Determine the positive-sequence fault current component for a double line-to-ground fault.

$I_1=\frac{E_R}{j\left(Z_1+\left(\frac{Z_2\left(Z_0+3Z_{\text{F}}\right)}{Z_2+Z_0+3Z_{\text{F}}}\right)\right)}$

Here, $E_R$is required voltage, $Z_1,Z_2\&Z_0$is sequence impedance, $Z_F$is fault impedance.

Substitute 1 for $E_R$, 0.344 for $Z_1$, 0.344 for $Z_2$, 0.575 for$Z_0$ and 0.3 for $Z_F$into above equation.

$\begin{array}{c}{I}_1=\frac{1}{j\left(0.344+\left(\frac{\left(0.344\right)\left(0.575+0.3\right)}{0.344+0.575+0.3}\right)\right)}\\ =-j1.69\text{\hspace{0.33em}pu}\end{array}$

Determine the negative-sequence fault current component for a double line-to-ground fault.

$\begin{array}{c}{I}_2=\left(-I_1\right)\frac{Z_0+3Z_{\text{F}}}{Z_2+Z_0+3Z_{\text{F}}}\\ =\left(j1.69\text{\hspace{0.33em}pu}\right)\left(\frac{j0.575+j0.3}{j0.344+j0.575+j0.3}\right)\\ =j1.213\text{\hspace{0.33em}pu}\end{array}$

Determine the zero-sequence fault current component for a double line-to-ground fault.

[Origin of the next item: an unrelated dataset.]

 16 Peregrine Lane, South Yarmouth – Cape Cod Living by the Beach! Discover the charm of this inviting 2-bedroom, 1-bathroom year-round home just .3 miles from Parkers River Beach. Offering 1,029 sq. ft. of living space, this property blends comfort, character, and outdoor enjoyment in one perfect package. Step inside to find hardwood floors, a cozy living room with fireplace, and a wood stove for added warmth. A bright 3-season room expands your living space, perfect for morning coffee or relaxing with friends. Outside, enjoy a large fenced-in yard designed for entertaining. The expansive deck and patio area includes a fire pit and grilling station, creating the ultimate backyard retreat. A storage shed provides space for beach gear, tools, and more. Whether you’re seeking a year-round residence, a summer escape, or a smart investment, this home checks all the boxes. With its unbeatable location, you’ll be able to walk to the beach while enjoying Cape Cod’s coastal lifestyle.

$\begin{array}{c}{I}_0=\left(-I_1\right)\frac{Z_2}{Z_2+Z_0+3Z_{\text{F}}}\\ =\left(j1.69\text{\hspace{0.33em}pu}\right)\left(\frac{j0.344}{j0.344+j0.575+j0.3}\right)\\ =j0.477\text{\hspace{0.17em}pu}\end{array}$

Determine the sub-transient fault current from double line to ground fault in the system.

Substitute$j0.477$ for $I_0$, $j1.213$for$I_1$ and$-j1.69$ for$I_2$ into equation (1)

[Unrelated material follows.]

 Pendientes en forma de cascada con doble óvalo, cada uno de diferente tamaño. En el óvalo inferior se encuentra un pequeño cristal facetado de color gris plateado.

$\begin{array}{c}\left[\begin{array}{c}{I^{\text{'}\text{'}}}_a\\ {I^{\text{'}\text{'}}}_b\\ {I^{\text{'}\text{'}}}_c\end{array}\right]=\left[\begin{array}{ccc}1& 1& 1\\ 1& a^2& a\\ 1& a& a^2\end{array}\right]\left[\begin{array}{c}j0.477\\ j1.213\\ -j1.69\end{array}\right]\\ =\left[\begin{array}{c}j0.477+j1.213-j1.69\\ j0.477+\left(-j1.213\right)\left(1\angle -120\right)+\left(-j1.69\right)\left(1\angle 120\right)\\ j0.477+\left(-j1.213\right)\left(1\angle 120\right)+\left(-j1.69\right)\left(1\angle -120\right)\end{array}\right]\\ =\left[\begin{array}{c}0\\ 2.61\angle 15.9°\\ 2.61\angle 164.1°\end{array}\right]\text{\hspace{0.33em}pu}\end{array}$

Hence, the sub-transient fault currents from double line-to-ground fault of a system $\left[\begin{array}{c}{I^{\text{'}\text{'}}}_a\\ {I^{\text{'}\text{'}}}_b\\ {I^{\text{'}\text{'}}}_c\end{array}\right]$is $\left[\begin{array}{c}0\\ 2.61\angle 15.9°\\ 2.61\angle 164.1°\end{array}\right]\text{\hspace{0.33em}pu}$.

Determine the double line-to-ground fault current in the neutral path.

Substitute $j0.477$for $I_0$into equation (2).

$\begin{array}{c}{I}_n=3\left(j0.477\right)\\ =1.43\angle 90°\text{\hspace{0.33em}pu}\end{array}$

Therefore the neutral fault current for a double line-to-ground fault is $I_n=1.43\angle 90°\text{\hspace{0.33em}pu}$.